[Start of Attachment]
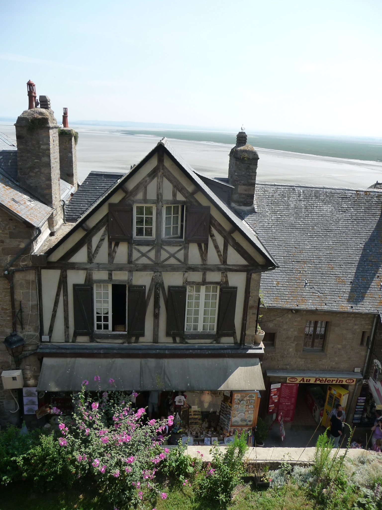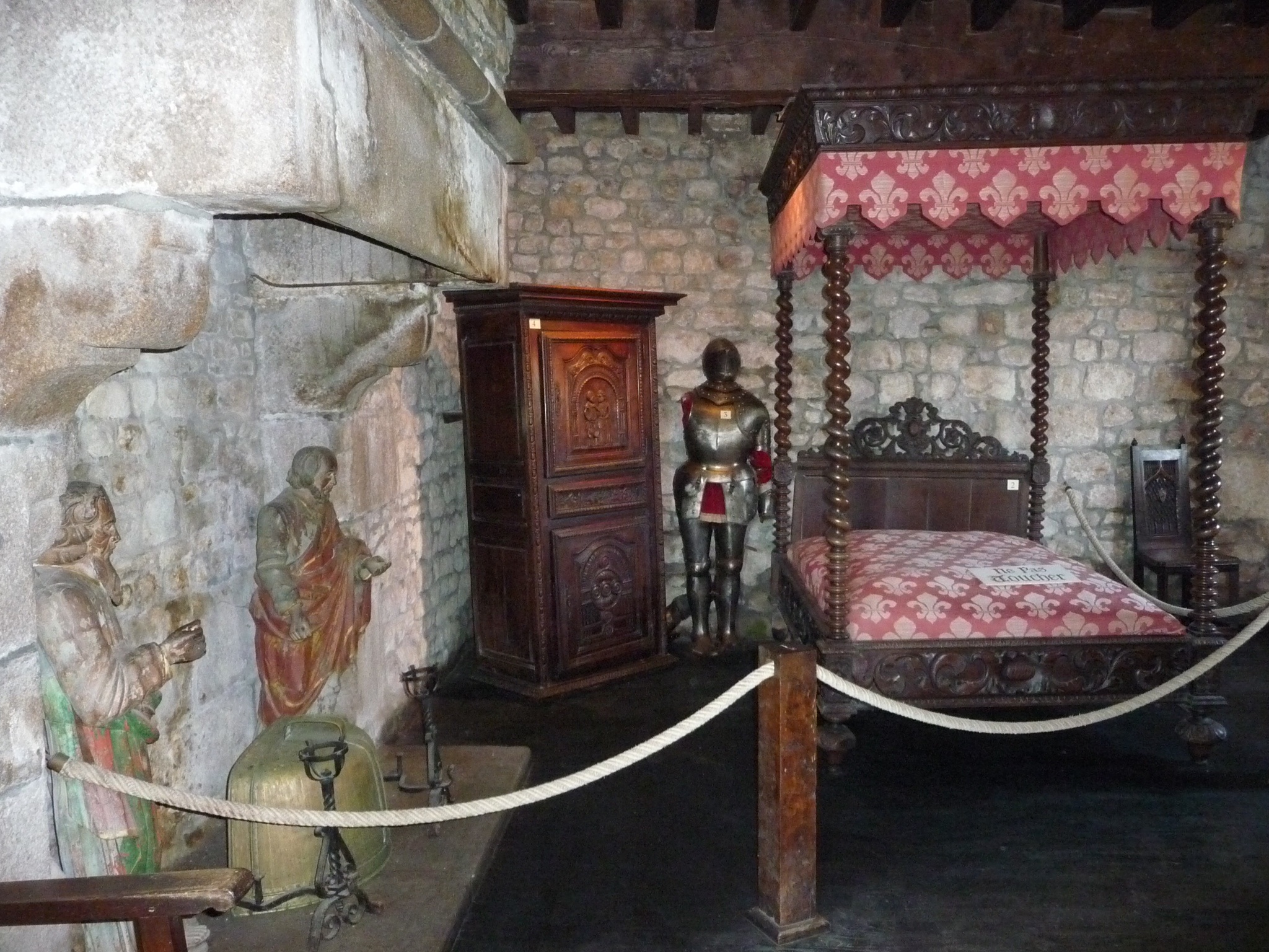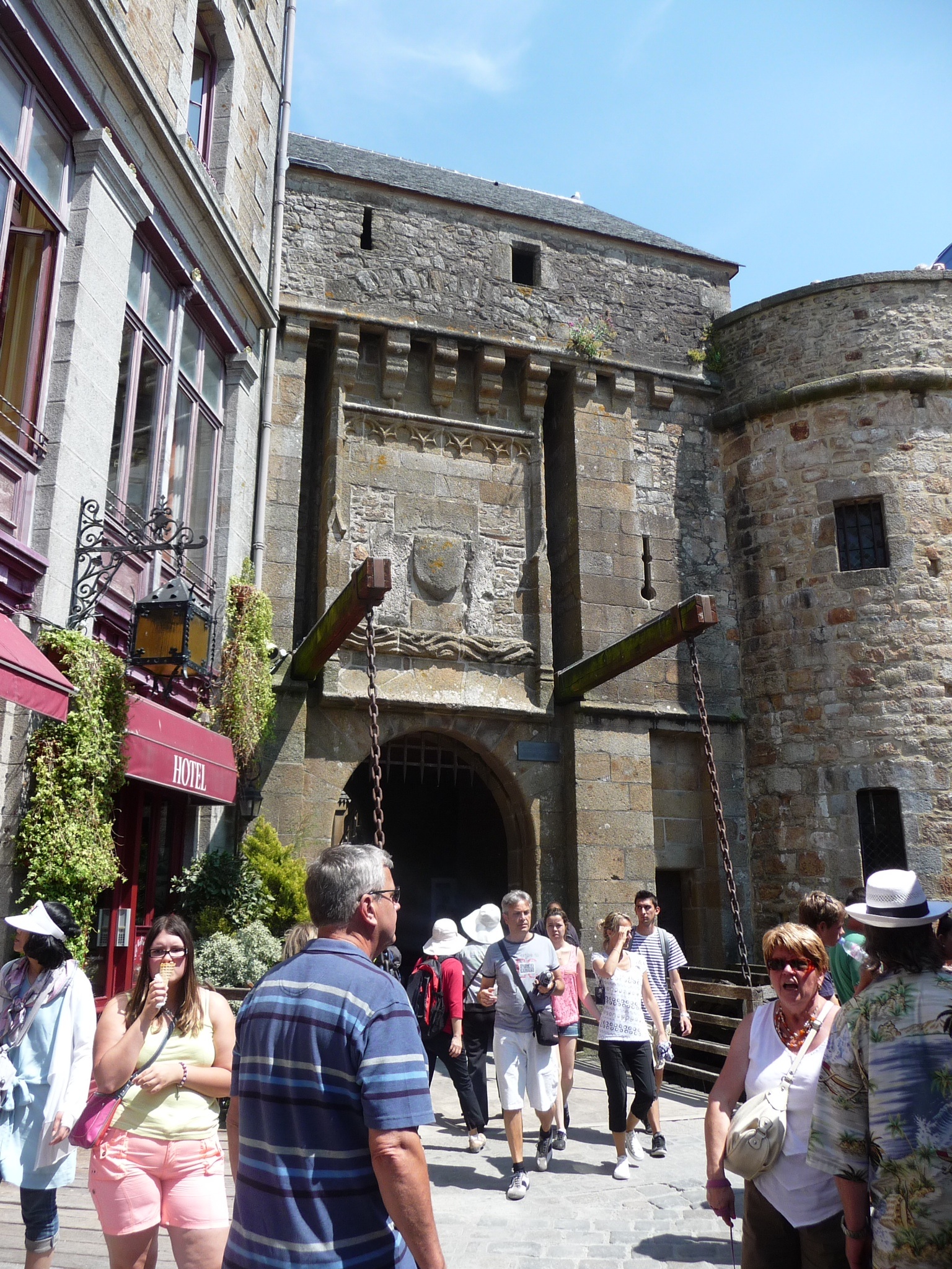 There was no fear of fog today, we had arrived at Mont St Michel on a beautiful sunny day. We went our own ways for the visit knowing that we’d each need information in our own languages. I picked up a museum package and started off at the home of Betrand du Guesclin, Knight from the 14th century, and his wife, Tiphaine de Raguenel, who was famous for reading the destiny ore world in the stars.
[End of Attachment]
[Start of Attachment]
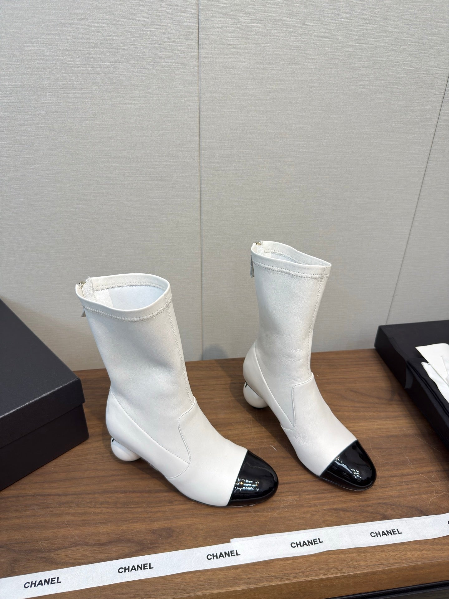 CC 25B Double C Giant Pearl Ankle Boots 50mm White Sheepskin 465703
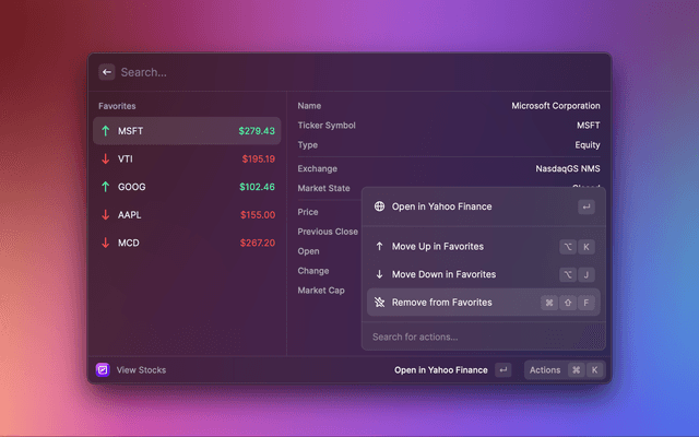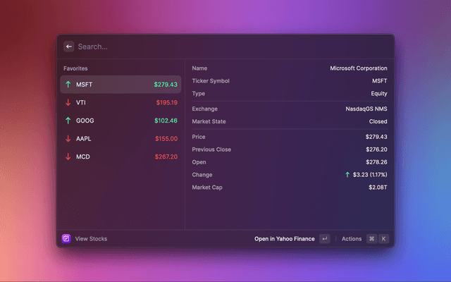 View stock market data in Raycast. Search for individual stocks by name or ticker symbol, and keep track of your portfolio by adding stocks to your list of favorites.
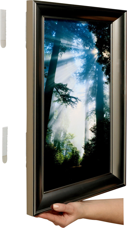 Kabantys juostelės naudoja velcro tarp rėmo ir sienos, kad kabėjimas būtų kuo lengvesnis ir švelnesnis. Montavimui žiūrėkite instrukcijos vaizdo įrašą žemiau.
[End of Attachment]
→ Task description
Work from the entries above. Set down exactly and only the lines from the line with "CC 25B Double" to the line with "Kabantys juostelės naudoja", both included, and leave the pictures out.

→ Response below
 CC 25B Double C Giant Pearl Ankle Boots 50mm White Sheepskin 465703
 View stock market data in Raycast. Search for individual stocks by name or ticker symbol, and keep track of your portfolio by adding stocks to your list of favorites.
 Kabantys juostelės naudoja velcro tarp rėmo ir sienos, kad kabėjimas būtų kuo lengvesnis ir švelnesnis. Montavimui žiūrėkite instrukcijos vaizdo įrašą žemiau.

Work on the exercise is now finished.